Akhsarbek Khadzhimurzayevich Galazov (Ахсарбе́к Хаджимурза́евич Гала́зов; Галазты Хадзымырзайы фырт Æхсарбег; October 15, 1929 - April 10, 2013) was a Russian scientist and politician. Galazov was born in Pravoberezhny District, at the time part of the Soviet Union. He served as president of the Republic of North Ossetia–Alania (Russia) from 1994 until 1998. In 1938 his father Hadzhimurza Ilyasovich was illegally detained by the Soviet government and several years later died in prison.

== Education and Employment ==

In 1952, he graduated from the State Pedagogical Institute of North Ossetia. From 1952-1958 he worked as a teacher of Russian language and literature and was director of studies at Humalagskoy Secondary School.
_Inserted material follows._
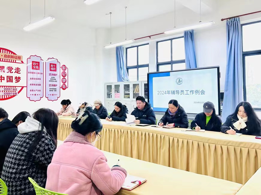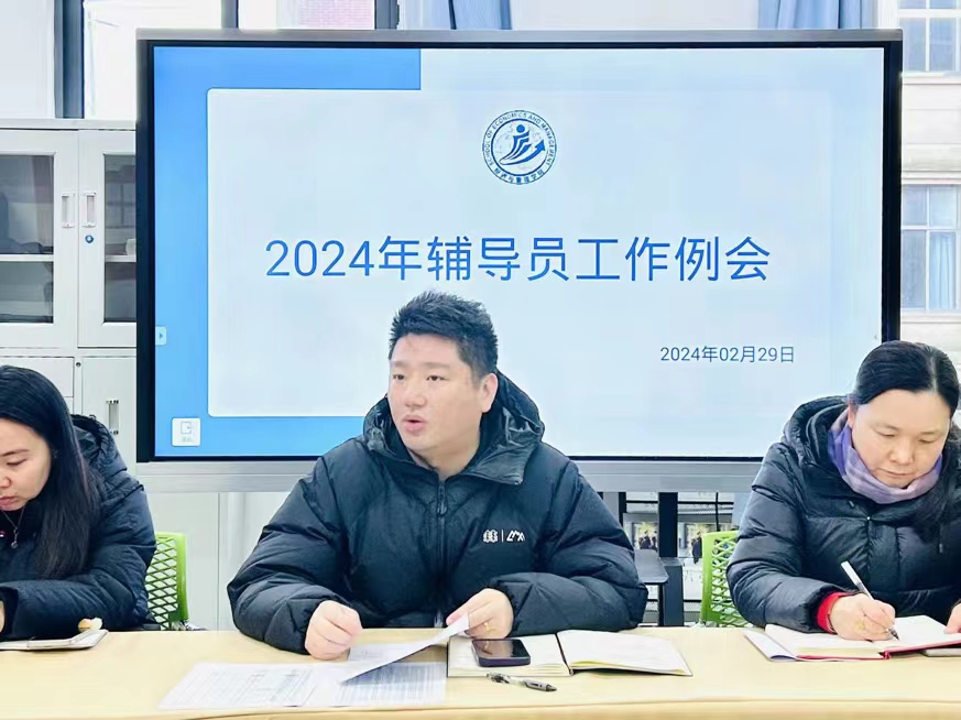 02月29日13:00,经济与管理学院在4号教学楼201室召开2024年辅导员工作会议,本次会议旨在做好新学期学生返校工作,并部署新学期学生工作。出席本次会议有经济与管理学院党总支书记杨慧老师和党总支副书记郭骏老师,学院专兼职辅导员参会,会议由郭骏老师主持。

From 1958 to 1959 he was superintendent of schools of the Ministry of Education of the Soviet Socialist Republic of North Ossetia. From 1959-1960 he served as Director of the Institute of Teachers.

From 1961 to 1975 he was Minister of Education of North Ossetia.

From 1976 to 1990 he was Rector of North Ossetian State University.

From 1990-1991 he was a member of the Central Committee of the CPSU. Elected deputy of the RSFSR.

== Political Activity ==

During the armed conflict in South Ossetia following the collapse of the Soviet Union, he authorized the delivery of humanitarian aid, and negotiated for the peaceful settlement of the situation in South Ossetia. He opposed the liberation of North Ossetia from Russia, but at the same time affirmed the possibility of its association with South Ossetia and the consequential creation of a new state, Alania.

In November 1993, he was nominated for the Federation Council. In the elections he ran as an independent candidate. The turnout was 61.26% of registered voters. Galázov won with 53.54% of the vote.

In January 1994, he was elected the first president of the Republic of North Ossetia and held the position until 1998.